Ia menjelaskan beberapa kasus yang ditangani. Sugar glider diperiksa pascamelahirkan agar kondisi induk dan anak dapat dipastikan.
“Jadi dari owner keluhannya tidak ada, tapi hanya saja buat kan tadi kalau sugar glider itu dia habis melahirkan, jadi ada katanya ‘mau diperiksa aja, Dok, anaknya gimana’, kondisi si sugar glider-nya gimana,” jelas dia.
Sementara untuk iguana, Adittya menjelaskan kondisi setelah makan sempat menimbulkan refleks menelan yang terganggu, namun pemeriksaan menunjukkan kondisi membaik.
“Terus kalau untuk iguana juga kemarin katanya sempat ada sesuatu setelah dia makan, ada keluar kayak mau refleks buat menelannya itu susah. Jadi kita bantu lihat, alhamdulillahnya waktu diperiksa sudah tidak ada dan efek refleks menelannya juga sudah bagus. Jadi tidak, hanya pemeriksaan buat cek kesehatan dari luarnya saja seperti itu,” imbuh dia.
Respons Warga
Hadirnya klinik keliling disambut positif warga karena mengurangi jarak dan biaya untuk memeriksakan hewan peliharaan.

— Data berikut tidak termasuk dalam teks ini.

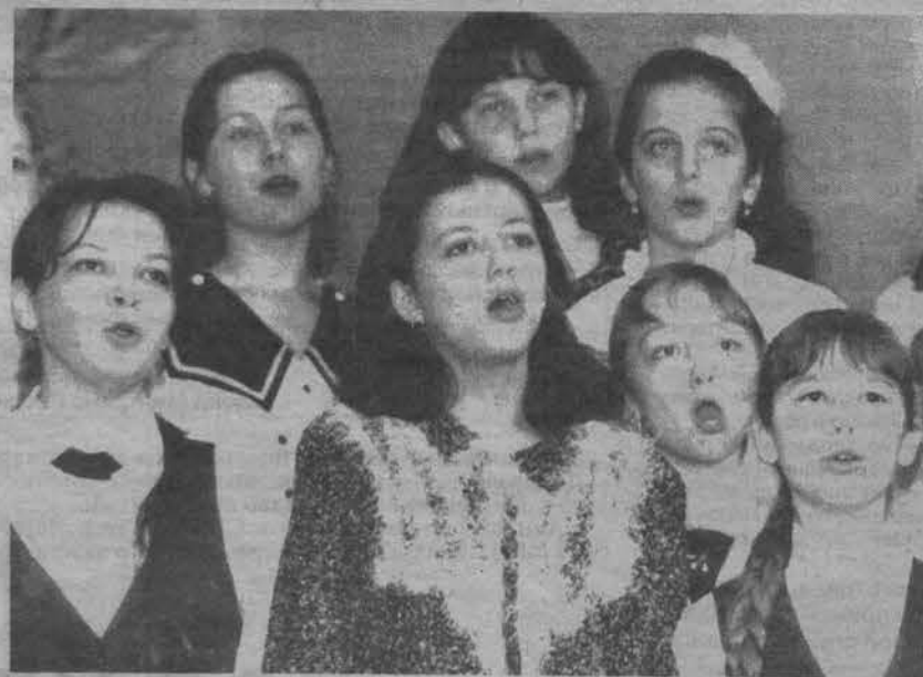
НА СНИМКЕ: участники хора Североморской детской музыкальной школы.

5 апреля в Детской музыкальной школе прошел областной семинар преподавателей-хормейстеров на тему "Хоровое многоголосие: гомофония (деление голосов на главный и сопровождающие) и полифония (слитное, равноправное их звучание)".

Akbar, warga Ciganjur, mengatakan jarak ke lokasi klinik keliling lebih dekat dibandingkan ke klinik hewan tetap di Ragunan, sehingga sangat membantu pemilik hewan.
“Ya satu, untuk jarak lebih dekat ya dari rumah. Terus untuk biayanya juga relatif terjangkau gitu, daripada harus ke yang agak, harganya juga lumayan kalau ke klinik atau Puskeswan gitu,” kata Akbar saat ditemui di lokasi, Kamis (16/7).
Akbar menyebut mengetahui layanan ini lewat media sosial dan melihat peluncurannya oleh Gubernur Pramono Anung.
“Awalnya kan Pak Pramono Anung itu kan kemarin launching ya, terus saya lihat di Instagram-nya juga ada klinik hewan keliling sini, sangat bermanfaat sih. Kebetulan kucing saya dua lagi sakit, saya langsung datang pas lihat di Instagram,” jelas dia.
Sri Sukmana, warga Srengseng Sawah, juga mengapresiasi kehadiran layanan karena memiliki banyak kucing yang perlu vaksinasi dan perawatan sterilisasi.
“Iya, ini kucing dua divaksin. Kemarin itu yang induknya disteril, anaknya berobat mata,” kata Sri.
Sri telah membawa empat kucingnya dalam dua hari ke layanan Klinik Hewan Keliling yang beroperasi di halaman kantor Kelurahan Srengseng Sawah. Ia berharap program layanan ini terus diselenggarakan dan semakin berkembang.
“Harapan saya ya sering-sering aja sih ya sering-sering diadain ya. Vaksinnya gratis, tapi kalau kemarin berobat bayar,” katanya.